Zatabase includes a built-in job orchestrator for running compute tasks alongside your data. Jobs execute as native processes or Docker containers, with real-time log streaming, artifact management, and cancellation support. This eliminates the need for a separate job queue (Celery, Sidekiq, Bull) for data-adjacent workloads.

Create a job by specifying the command, working directory, and optional environment variables:

Terminal window
curl -s -X POST https://your-project.zatabase.io/v1/jobs \
-H "Authorization: Bearer $ZATABASE_TOKEN" \
-H "Content-Type: application/json" \
-d '{
"name": "nightly-export",
"command": "python3 export.py --format parquet",
"working_dir": "/opt/scripts",
"environment": {
"OUTPUT_DIR": "/tmp/exports",
"ZATABASE_TOKEN": "'"$ZATABASE_TOKEN"'"
},
"timeout_seconds": 3600
}' | jq

The response includes a job ID that you use to monitor progress:

{
"job_id": "01HQR...",
"status": "queued",
"created_at": "2026-03-01T12:00:00Z"
}
queued -> running -> completed
-> failed
-> cancelled

Jobs transition through these states automatically. A queued job is picked up by the next available worker. Running jobs stream their stdout and stderr to the log endpoint. When the process exits, the job moves to completed (exit code 0) or failed (nonzero exit code).

Terminal window
curl -s https://your-project.zatabase.io/v1/jobs \
-H "Authorization: Bearer $ZATABASE_TOKEN" | jq
Terminal window
curl -s https://your-project.zatabase.io/v1/jobs/{job_id} \
-H "Authorization: Bearer $ZATABASE_TOKEN" | jq

Connect to the WebSocket endpoint for real-time log output:

Terminal window
websocat "wss://your-project.zatabase.io/v1/jobs/{job_id}/logs?token=$ZATABASE_TOKEN"

Each message is a JSON object with stream (stdout or stderr), line, and timestamp fields.

Cancel a running job with a configurable grace period:

Terminal window
curl -s -X POST https://your-project.zatabase.io/v1/jobs/{job_id}/cancel \
-H "Authorization: Bearer $ZATABASE_TOKEN" \
-H "Content-Type: application/json" \
-d '{"timeout_seconds": 10}'

Zatabase sends SIGTERM to the process and waits for the specified timeout. If the process does not exit, it is killed with SIGKILL.

Jobs can produce artifacts that are stored in Zatabase’s content-addressed filesystem. Artifacts are indexed by SHA-256 hash, so identical files are stored only once.

Terminal window
curl -s -X POST https://your-project.zatabase.io/v1/jobs/{job_id}/artifacts \
-H "Authorization: Bearer $ZATABASE_TOKEN" \
Terminal window
curl -s https://your-project.zatabase.io/v1/jobs/{job_id}/artifacts \
-H "Authorization: Bearer $ZATABASE_TOKEN" | jq
Terminal window
curl -O https://your-project.zatabase.io/v1/jobs/{job_id}/artifacts/{artifact_id} \
-H "Authorization: Bearer $ZATABASE_TOKEN"
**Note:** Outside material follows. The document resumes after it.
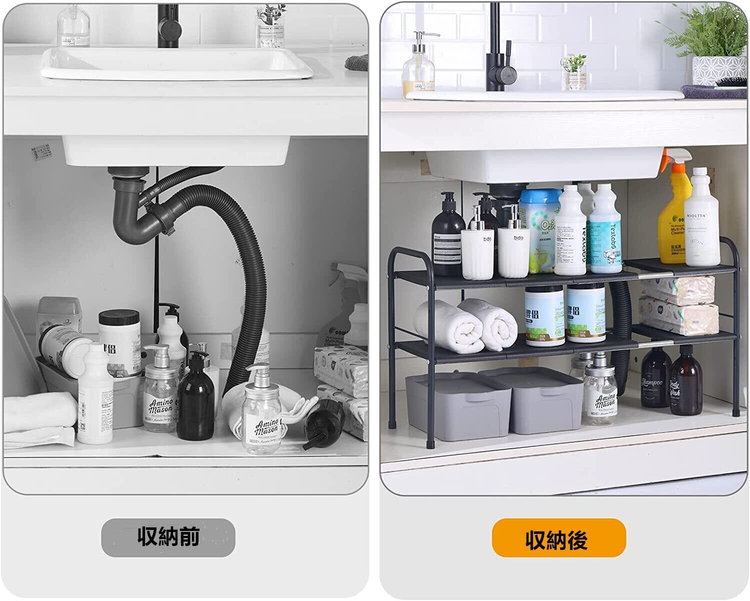【シンク下だけでなく】アンダーシンクに限らず、様々な用途にお使いいただけます。キッチン料理台、食器棚、シンク下、押し入れやクローゼットなどでの収納に有効活用して、キッチン、洗面所、浴室、事務室などでの収納にはいいですよ。

The ZWORKER_MODE environment variable controls how jobs are executed:

ModeDescription
autoDetect Docker availability; fall back to local if unavailable
localExecute jobs as native child processes
dockerExecute jobs inside Docker containers

Local mode is fastest and simplest for trusted workloads. Docker mode provides process isolation, resource limits, and reproducible environments for untrusted or multi-tenant workloads.

Note: In production deployments, container-based job execution is handled by ZLayer, Zatabase’s native orchestration fabric. The docker worker mode is primarily intended for local development and testing.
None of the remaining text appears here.